Category: Transplantation

  • 2102 Transplantation: Clinical

Authors

  • Crane, Clarkson, University of California San Diego School of Medicine, La Jolla, California, United States
  • Ingulli, Elizabeth G., University of California San Diego School of Medicine, La Jolla, California, United States
  • Morris, Gerald P., University of California San Diego School of Medicine, La Jolla, California, United States
Background

Both HLA Matchmaker and PIRCHE algorithms associate with de novo donor specific antibody (DSA) in kidney transplant recipients (KTR), but each predicts a different mechanism of the alloimmune response. Activation of CD4 T helper cells via indirect allorecognition (PIRCHE) occurs upstream of T-B cooperation resulting in antibody production (HLA Matchmaker). Given this, we aim to describe their correlation and hypothesize PIRCHE can provide insight as to the molecular mismatches highest risk for DSA and subsequent rejection.

Methods

KTR between 2017 to 2022 with high-resolution HLA typing were identified. Eplet mismatches were calculated with HLA Matchmaker and PIRCHE score determined. Spearman correlation was preformed and results plotted with quintile cutoffs.

Results

We identified 420 adult (n= 377) and pediatric (n= 43) KTR. Median age 52 years old, 68% male, 68% deceased donor and median time 20 months from transplant.

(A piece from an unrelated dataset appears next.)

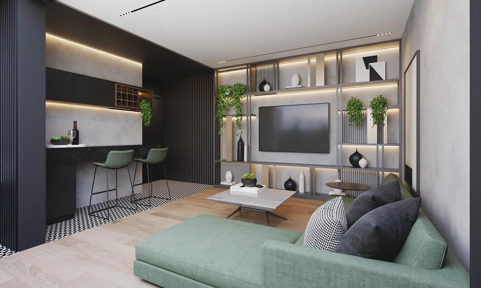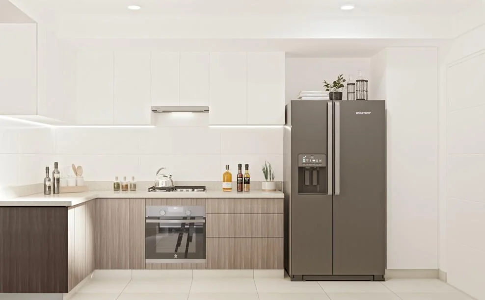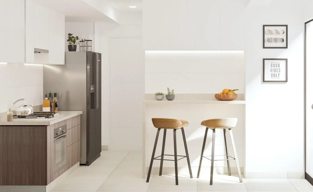 • Cocina americana con tablero de cuarzo, muebles altos y bajos

DQA1/DQB1 had the strongest association with DSA when assessed with each algorithm. Distribution and correlation of PIRCHE and eplet mismatches for the entire cohort, +DSA, TCMR and AMR are shown in Figure 1, panels A-D. There was moderate correlation between the algorithms but more discordance of high PIRCHE/low eplet mismatch in DSA and AMR.

Conclusion

Our results demonstrate moderate strength correlation of PIRCHE and HLA matchmaker with transplant outcomes. High PIRCHE in setting of lower eplet mismatch in those with DSA and AMR suggests PIRCHE is predicting mismatched T cell epitopes that may be relevant for antibody formation and rejection. This cohort is limited by its retrospective nature and small sample size, but our next phase aims to test this hypothesis by quantifying ex vivo alloreactivity in donor/recipient pairs with high predicted T-cell epitope mismatches.